- [EXERCISE BRIEF]
Given the records below, the lines starting at the line with "Ancienne Plaque Tole" and ending at the line with "ICOPUCA Shopping Cart" should be output exactly, both end lines kept and pictures left out.

- [DATA FOR ANALYSIS]
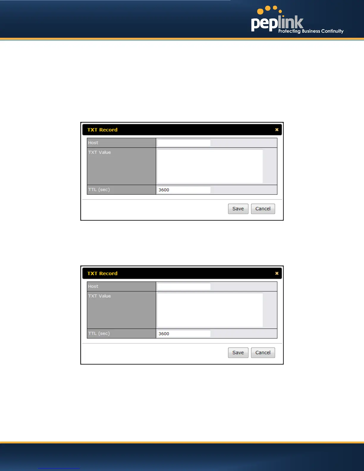 pointing to your DNS server’s (the Peplink Balance) public IP addresses.
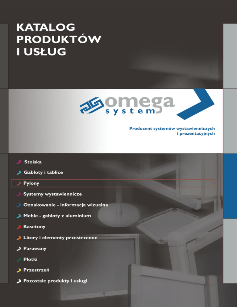 KATALOG PRODUKTÓW I USŁUG Producent systemów wystawienniczych i prezentacyjnych Stoiska Gabloty i tablice Pylony Systemy wystawiennicze Oznakowanie - informacja wizualna Meble - gabloty z aluminium Kasetony Litery i elementy przestrzenne Parawany Płotki Przestrzeń Pozostałe produkty i usługi Spis treści 2-3 Stoiska - stoiska targowe - promocyjno - sprzedażowe - stoiska modułowe OMEGA ROUND Line - złóż własne stoisko OMEGA ROUND Line - stoiska sklepowe - zabudowa 6 7 8-9 10-11 12-13 Gabloty i tablice - podział według LINII - budowa - gabloty wiszące - gabloty na sztandar - tablice - gabloty na karty pracownicze - gabloty na klucze - gabloty stojące 17 18-19 20-21 22 22 23 23 24-25 Pylony - SLIM Line - OVAL Line - SEMI OVAL Line - ROUND Line - budowa 29 30 30 31 32-33 Systemy wystawiennicze - ścianki wystawowe / ekspozycyjne - ścianki wystawowe / ekspozycyjne - plenerowe - ścianki reklamowo - promocyjne - ścianki ROUND Line - stwórz swój model - ścianki ECO Line - stwórz swój model - lady - trybunki promocyjne - stojaki na banery - ekspozytory z pleksi na ulotki - lady sprzedażowe - stoiska mobilne - tacki degustacyjne - stojak ROUND Line - budowa - stojak ECO Line - budowa - kieszenie na ulotki A5, A4, A3 - stojaki na ulotki - stojaki z tablicą informacyjną - stojaki z tablicą informacyjną i kieszeniami na ulotki - meble ekspozycyjne - dystanse, zawiesia reklamowe - prezentery świetlne, prezentery LED grawerowane - ramki różne, zatrzaskowe 36 36 37 38-39 40-41 42 43 44 44 45 45 45 46 47 48 49 50 51 52 53 54 55 Spis treści Oznakowanie - informacja wizualna - tablice główne - tabliczki administracyjne i numery domów - słupki kierunkowe, pylony MINI - tabliczki informacyjne - przydrzwiowe - tablice, szyldy - tablice z mosiądzu, grawerowane - tabliczki grawerowane - tablice informacyjne na ścianę - tablice informacyjne boczne - tablice informacyjne podwieszane - tablice LED 58 59 60 60 61 61 61 62 62 63 63 Meble - gabloty z aluminium - witryny wiszące - gabloty nietypowe - gabloty “na trofea” - gabloty ekspozycyjne, muzealne - witryny stojące - witryny stojące light - lady 67 67 67 68-69 70-71 71 72-73 Kasetony - kasetony klasyczne - kasetony z otwieranym frontem - kasetony kształtowe (zewnętrzne i wewnętrzne) Litery i elementy przestrzenne 77 77 78-79 82-83 Parawany - parawany - parawany wolnostojące - ścianki składane - wielofunkcyjne stelaże do urządzeń rehabilitacyjnych 86 87 88 89 Przestrzeń biurowa - ścianki w biurze - Open Space - boksy - palarnie 93 94-95 95 Płotki 98-99 Pozostałe produkty i usługi - inne - obudowy, osłony do maszyn, urządzeń i lini technologicznych - animal sport - usługi 102 103 104-105 106 3 Pylony PYLONY 28 Pylony SLIME LINE pylony Omega SLIM Line Nr kat. P/OSL/01 pylony dwustronne Omega SLIM Line Nr kat. P/OSL/02 pylony multimedialne Omega SLIM Line Nr kat. P/OSL/M 29 OVAL LINE pylony Omega OVAL Line Nr kat. P/OOL/01 pylony na nogach Omega OVAL Line Nr kat. P/OOL/02 SEMI OVAL LINE pylony Omega SEMI OVAL Line Nr kat. P/OSOL/01 pylony - szerokie Omega SEMI OVAL Line Nr kat. P/OSOL/02 30 Pylony ROUND LINE pylony Omega ROUND Line Nr kat. P/ORL/01 31 PYLONY - budowa Profile SLIM Line Pylon SEMI OVAL Line Podstawa pylonów Kręgi stalowe (wersja do wewnątrz) 32 Montowane do ziemi (OVAL Line) różne wypełnienia: dibond, pleksi opal, PVC i inne Kręgi betonowe z osłoną z tworzywa Pylony OVAL Line SEMI OVAL Line ROUND Line Dodatkowe elementy Podświetlany wewnątrz (SEMI OVAL Line) Kieszenie na ulotki (ROUND Line) Ramki zatrzaskowe na grafikę (SLIME Line) Pylon multimedialny (SLIM Line) Elementy frezowane (SLIME Line) Wymienne tabliczki z informacjami (OVAL Line) 33
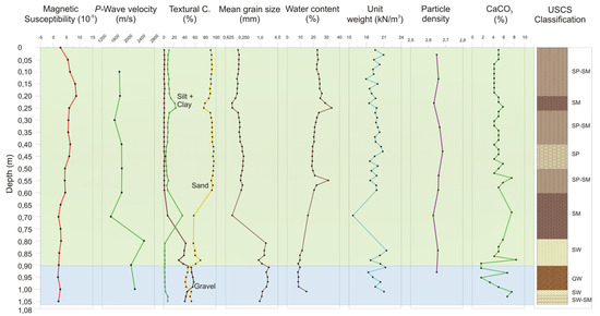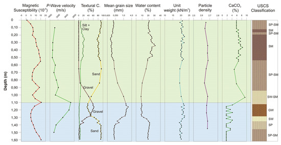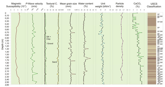 Grain size distribution was determined by sieve analysis [43] and laser diffraction [44]. Water content, bulk density, particle density, triaxial shear strength, and Atterberg limits were determined according to procedures described in [45,46,47,48,49]. Total inorganic carbon content was quantified according to [50], and magnetic susceptibility and P-wave velocity were measured following the ODP Technical Note 26 protocol [51]. Soil classification was completed using the Unified Soil Classification System (USCS), as per [52].
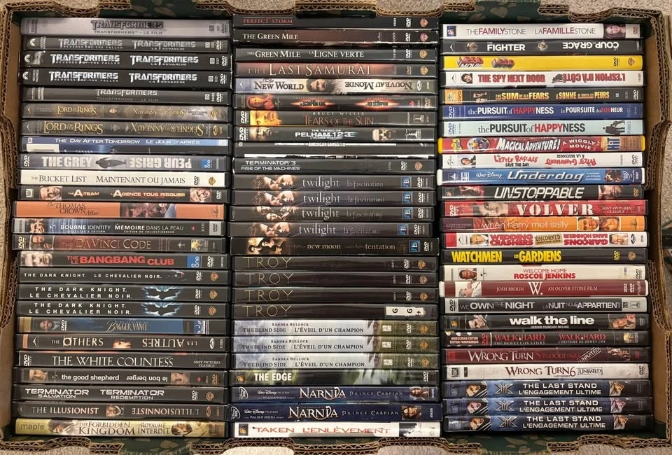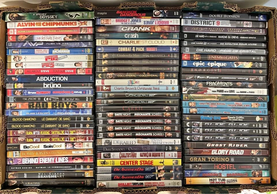 Selling a large collection of well-maintained DVDs, VHS tapes, and Blu-rays from our personal collection. We have a wide variety of genres including Comedy, Action, Drama, Horror, Sci-Fi, Family, Kids, Franchise Series, and TV Series. All movies are in great condition with no playback issues.
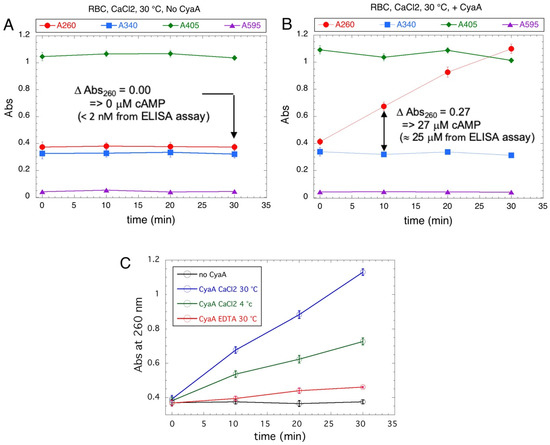 Purified CyaA was diluted in erythrocyte suspensions and incubated for 20 min at 30 °C in the presence of calcium (or in the presence of EDTA, or at 4 °C as controls). The cells were then extensively washed, resuspended in a small volume, and lysed with non-ionic detergent (e.g., Tween 20). The AC activities of the lysed samples were then assayed for various incubation times (0, 10, 20, and 30 min), and the absorption of the Al2O3 supernatants of all samples were recorded at different wavelengths (ie 260, 340, 405, and 595 nm). As anticipated, the cell lysates showed high absorption at 260, 340, or 405 nm (Figure 5). Yet, in control erythrocytes not incubated with CyaA, the absorption values remained constant over all the incubation periods (Figure 5A). In lysates of cells incubated with CyaA at 30 °C and in the presence of calcium (Figure 5B), the absorption at 260 nm (A260) increased linearly with time while the absorption at other wavelengths remained constant. By independently monitoring the cAMP content in the Al2O3 supernatants with an ELISA assay, we confirmed that the A260 increase precisely corresponded to the synthesis of cAMP due to the CyaA enzyme bound to cells (Figure 5B). The binding of CyaA to erythrocytes at 4 °C in the presence of calcium or at 30 °C in the absence of calcium (Figure 5C) was reduced in accordance with prior studies [41,42,43,44,45]. Hence, this spectrophotometric assay may be adapted to monitor AC toxin activity in complex cell extracts despite high absorption at useful wavelengths.
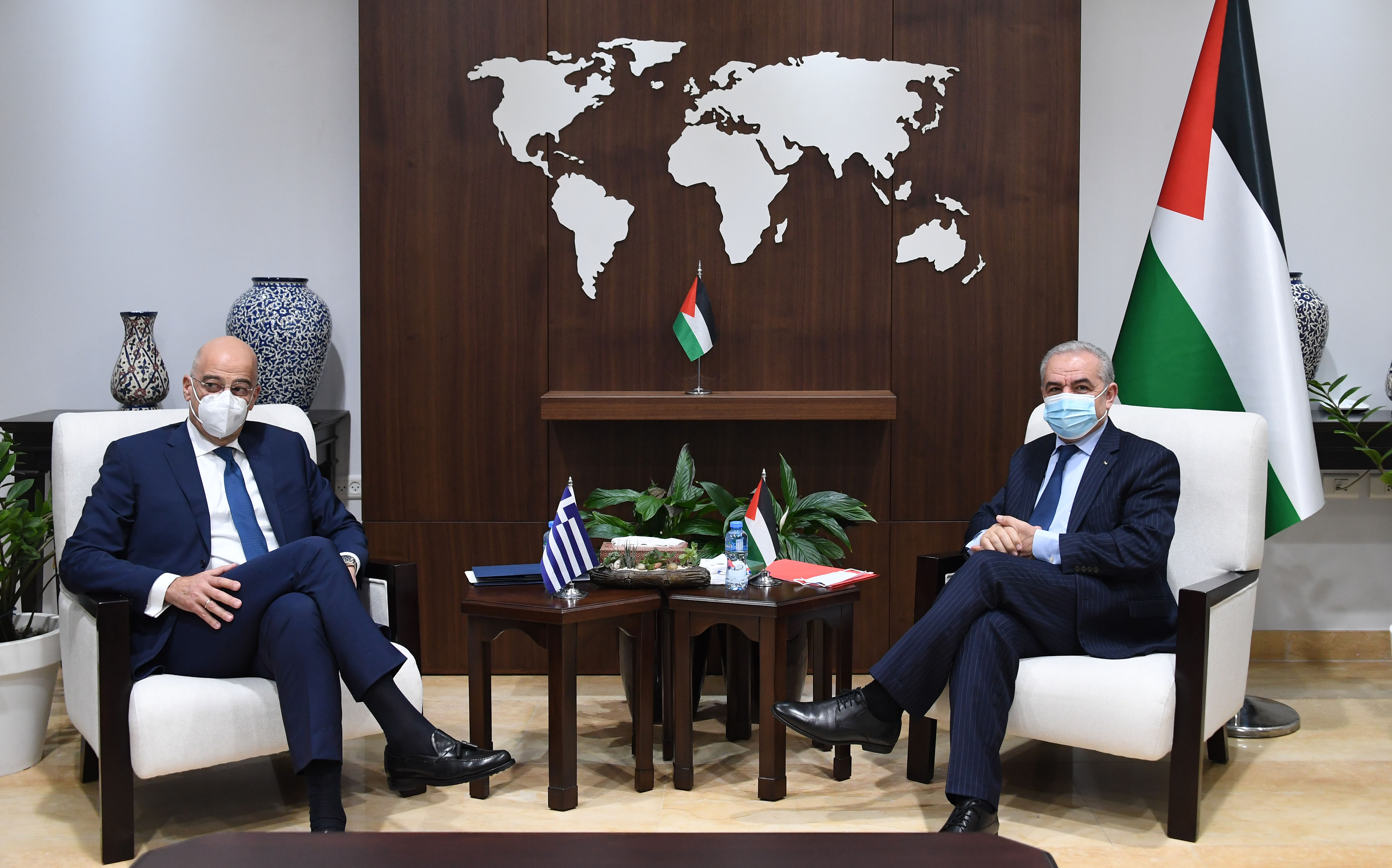 جاء ذلك خلال استقباله اليوم الثلاثاء في مكتبه بمدينة رام الله، الوزير ديندياس بحضور سفير اليونان لدى فلسطين ايفانجيلوس فليوراس.
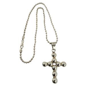 Taxco Mexico Cross Pendant Necklace 16" 925 Sterling Silver Christian Ball
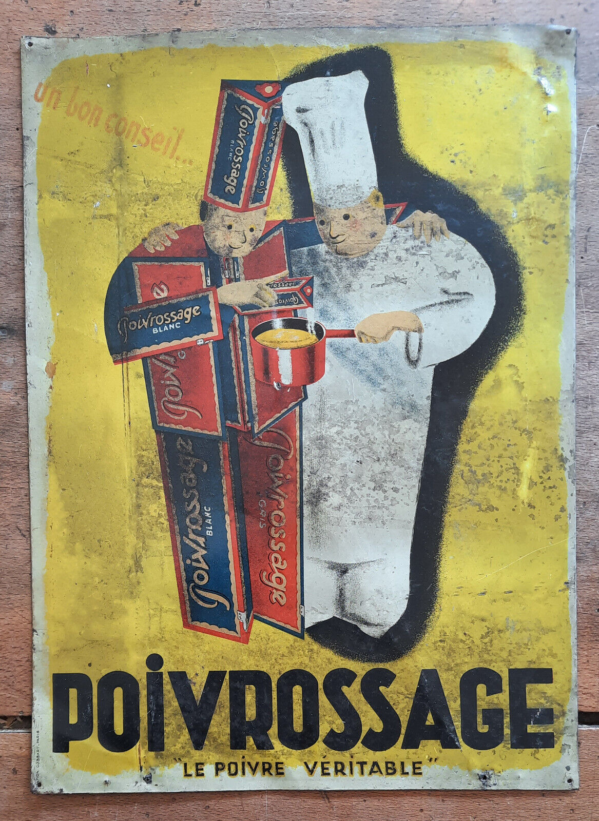 Ancienne Plaque Tole publicitaire POIVROSSAGE déco cuisine 25x34cm
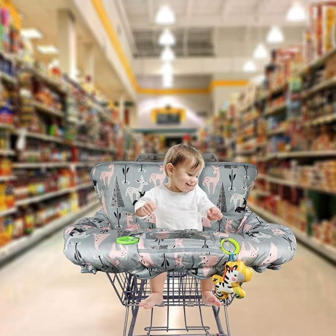 ICOPUCA Shopping Cart Cover, 2-in-1 cart Cover for Babies N high Chair Cover, Padded Grocery cart Cover for Baby boy Girl,with Split/Padded/Reversible seat Cushion, Deer
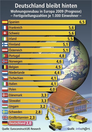 auf der Grundlage aktueller statistischer Daten sowie der Prognose von Euroconstruct mitteilt, entstehen beim Spitzenreiter des Jahres 2009, in Spanien, mit 6,5 Einheiten pro 1000 Einwohner immer noch gut dreimal so viele Wohnungen in Neubauten wie in Deutschland mit 2,0. Und mit Ausnahme Dänemarks ist die Bauintensität in allen direkten Nachbarländern mindestens doppelt so groß wie hierzulande. Der internationale Vergleich bestätigt für LBS Research, was auch durch die kürzliche LBS-Umfrage bei Forschungsinstituten deutlich wurde: Der Neubaubedarf wird längst nicht mehr gedeckt, Angebotsengpässe sind eines Tages unvermeidlich.
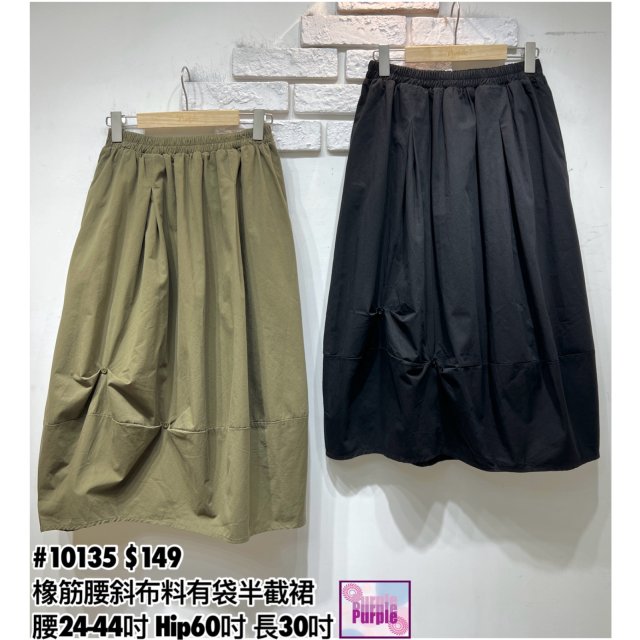(現貨) #10135 橡筋腰斜布料有袋半截裙 (腰24-44吋 Hip60吋 長30吋)
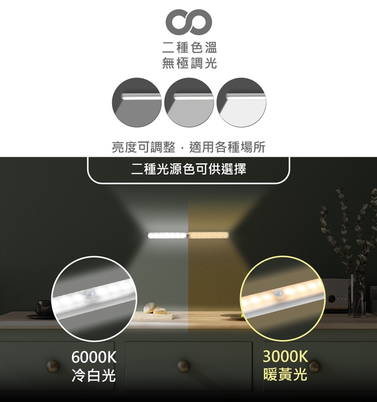 四種模式可設定,使用方式無限靈活,擁有冷白光/暖黃光供選擇,
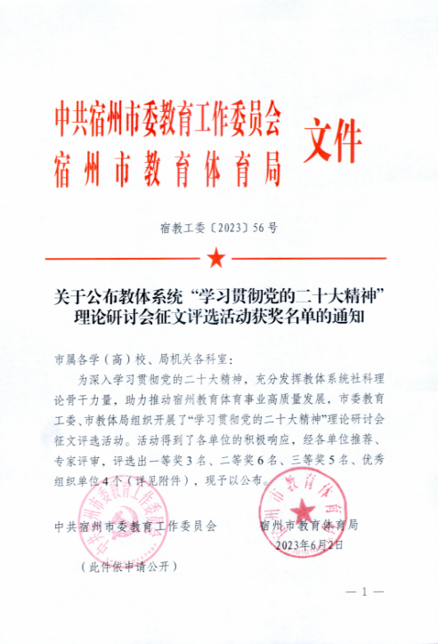 8、2023年4月付振宇和黃秀秀獲得“宿州市優(yōu)秀學(xué)生干部”稱號(hào);沈思軍和張賀獲得“宿州市三好學(xué)生”稱號(hào)
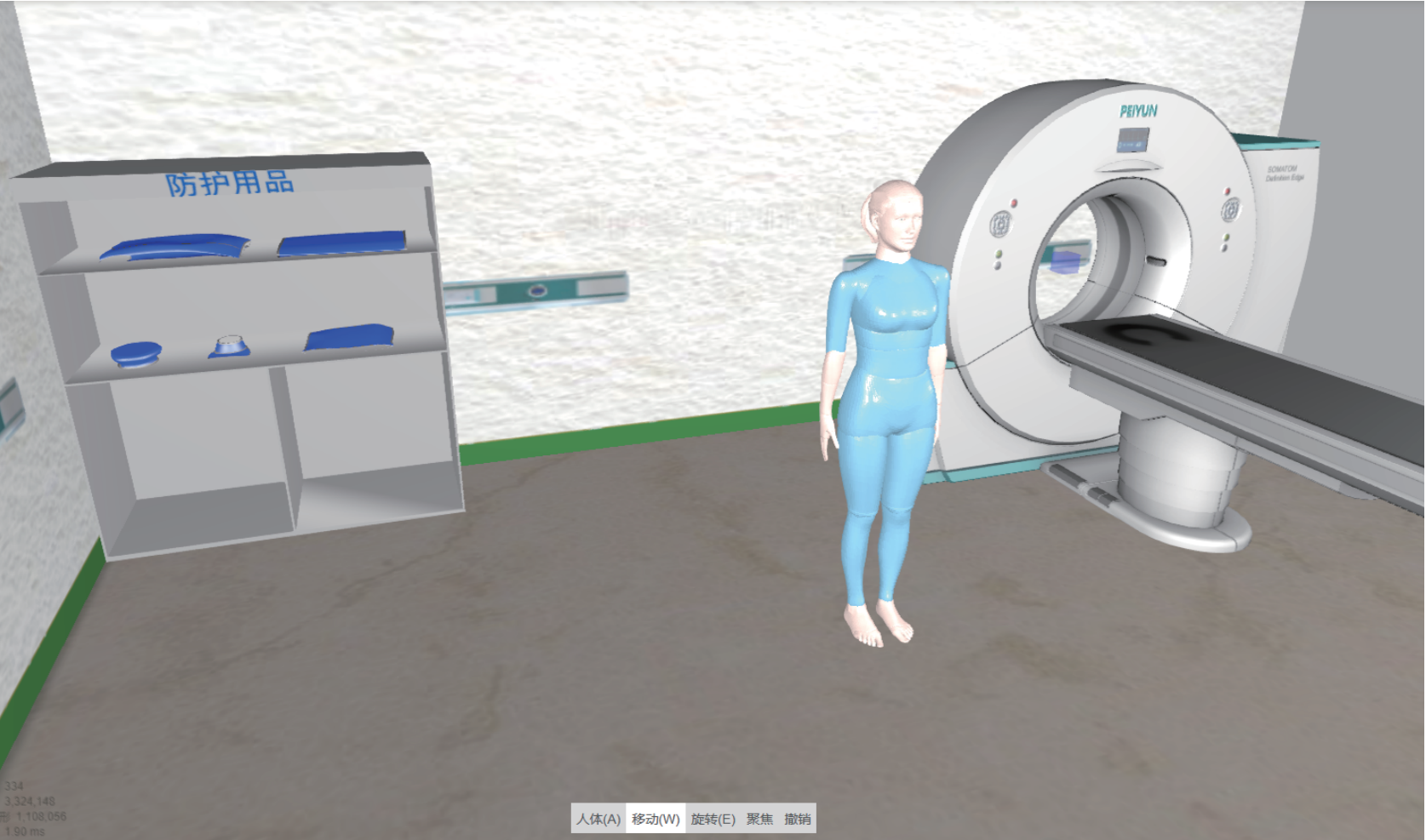 虚拟场景部分完整并细致还原了 CT 检查技术全流程。
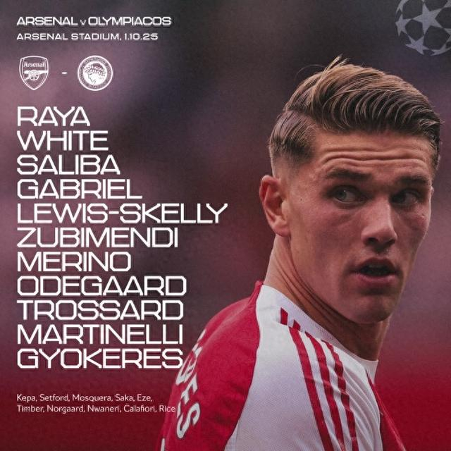 阿森纳vs奥林匹亚科斯首发:1-拉亚、2-萨利巴、4-本-怀特、6-加布里埃尔、49-斯凯利、8-厄德高、36-苏维门迪、23-梅里诺、11-马丁内利、19-特罗萨德、14-约克雷斯
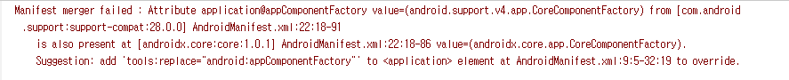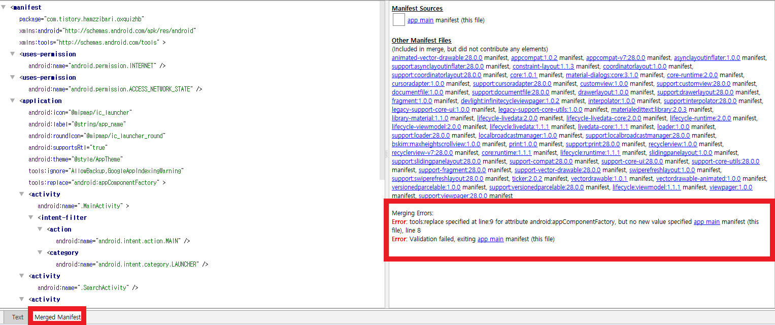 아래 Merged Manifest를 눌러보시면 오른쪽에 에러 문구가 보이실 겁니다.
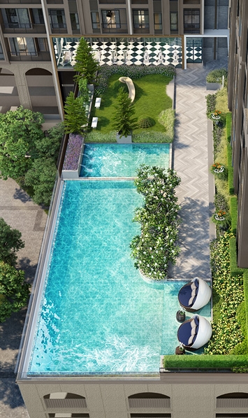 "MODERN COLONIAL" ที่สามารถจับต้องได้ สอดแทรกด้วยพื้นที่สีเขียว (POCKET GARDEN) ที่กระจายไปยังชั้นต่างๆ ด้านสิ่งอำนวยความสะดวก ได้แก่ Swimming pool , Kids', pool & Jacuzzi, Fitness, Sauna, Lobby, Meeting Room, Playground, Co-Living Space, Co-Working Space, Roof Garden, Digital Door Lock, Home Automation, Smart Kitchen และ EV Charger
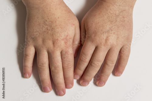 Scarlet fever. Two children's hands with rash on white background.

- [RESULT]
 Ancienne Plaque Tole publicitaire POIVROSSAGE déco cuisine 25x34cm
 ICOPUCA Shopping Cart Cover, 2-in-1 cart Cover for Babies N high Chair Cover, Padded Grocery cart Cover for Baby boy Girl,with Split/Padded/Reversible seat Cushion, Deer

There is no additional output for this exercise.